I'm back from my wonderful San Juan Island wine cruise, and I am still working on the story. So much happened it's hard to get it all down. It was the best short vacation I've ever had. Depression set in almost immediately when I returned to the reality of my apartment and upcoming doctor's appointments.
It's hard to explain, but I felt like I had a family again on the boat. With only 12 crew and 18 passengers, in close quarters, you become pretty good pals. And since I haven't had a job in awhile, the fact that it was a learning and working cruise I felt like I had a purpose. I hate not feeling useful.
So, I'm not a bad-ass sailor - yet - but it sure was cool being a part of it. I won't go into the details here - when the story is done I'll link it to Facebook, but if you're not on Facebook it will be on WaveJourney.com for sure within a week or so.
I did have a wonderful little victory this week. I had an essay published in High Country News, a magazine in Colorado - and they are actually paying me! So, it's my first published, paid, magazine piece. I hesitate to talk about it too much because it's about my perspective as a mother whose son is fighting the firestorm in Colorado. Taylor rarely, if ever, reads my blog, so I am talking about it here - he doesn't like me talking about him, but if he does stumble upon it, I think he'd be pleased. It's at hcn.org under "Writers on the Range," and it's called "A Different Voice on the Phone."
I realized it was there as I was walking back to get my Herceptin treatment Tuesday, and my blood pressure shot up! It was kind of funny. My blood pressure is really good, by the way.
My white blood count is still low, and that's probably why I was so exhausted when I got back from the cruise. Well, that and the cook rang the breakfast bell at 7 a.m. and we were at it all day, either sailing or going onshore to taste wine, then drinking wine and eating into the night. Tough gig, right?! I even jammed on uke with two of the crew who brought their ukes! They were brothers, both in their 20s, seasoned sailors, little darlings.

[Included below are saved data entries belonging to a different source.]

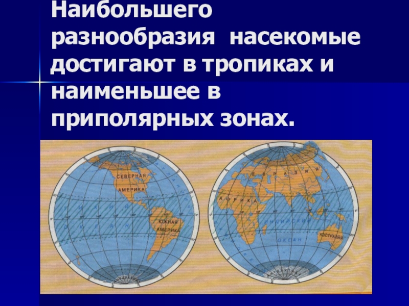 Слайд 6Наибольшего разнообразия насекомые достигают в тропиках и наименьшее в приполярных зонах.
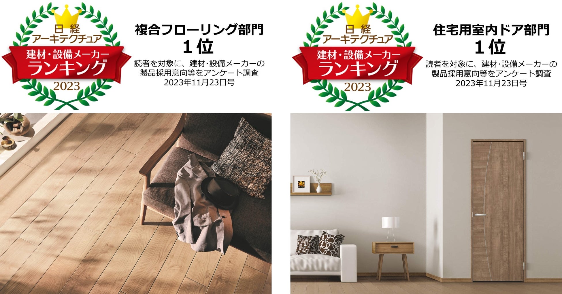 日経アーキテクチュア「採用したい建材・設備メーカーランキング2023」 『複合フローリング部門』・『住宅用室内ドア部門』で第1位を獲得
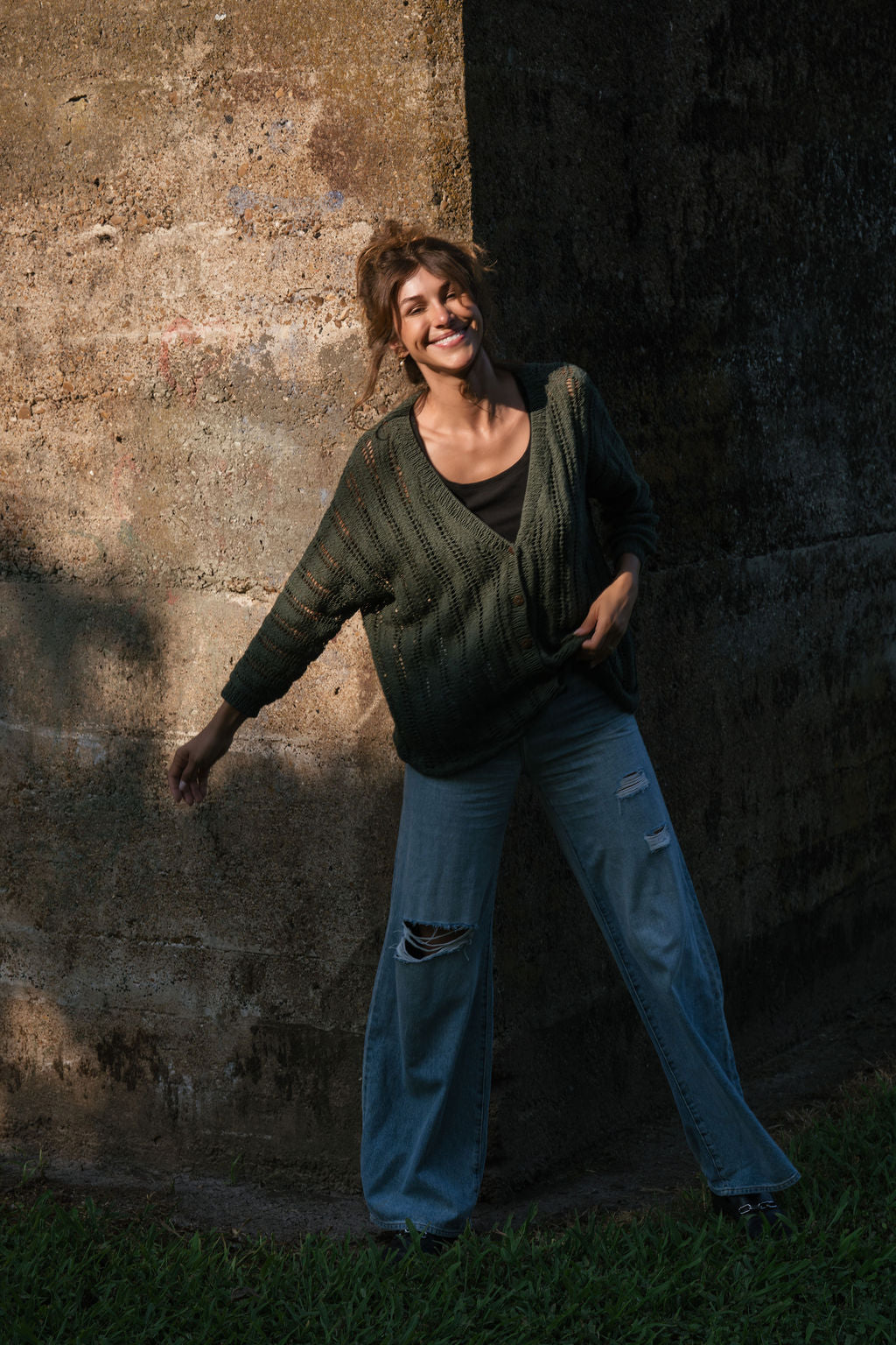Lace knit cotton cardigan with an easy and loose fit.
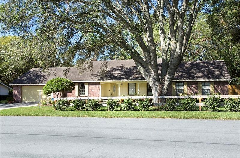 Charming Ranch-style home in a great location with great school districts! 2417 sf of living space with formal living & dining rooms, spacious family room , sun room, 4 bedrooms, 3 bathrooms with a huge fenced back yard. The kitchen showcases raised panel wood cabinetry, granite counter tops, and is located at the center of the home, overlooking the large family room with wood burning fireplace. The home has an over sized two car garage, and just behind the home there is an additional detached 3 car garage (720 sf) that could easily be converted into a bonus room, workshop, or mother-in-law suite. Additional features include inside laundry room, covered front porch, brick lanai overlooking the large back yard with plenty of shade.

So next week I see my original breast surgeon for a check up, then I have my pre-op with Dr. Isik the 11th. The first procedure, the delay, is July 16. My dear Jim, my friend forever in Tacoma, is going to take me to that appointment and bring me home, because they will knock me out. I don't have to stay in the hospital for that one. Then on the 21st, Laurie arrives for the first "nurse" shift. I've made a reservation for brunch at the Book Bindery (one of my faves) for Sunday, to show her my appreciation, and eat a nice meal in case I don't wake up from the big one on the 23rd!
I am exercising, cleaning, organizing, writing - just trying to accomplish as much as I can before I have to lay low. I did not gain any weight on the boat, because we were pretty active when we weren't eating or drinking! I dread being down for the count, but I look forward to the result and getting back to normal. Normal with scars. My friend Sarah says they will be scars I should be proud of. That's a tough one to grasp right now.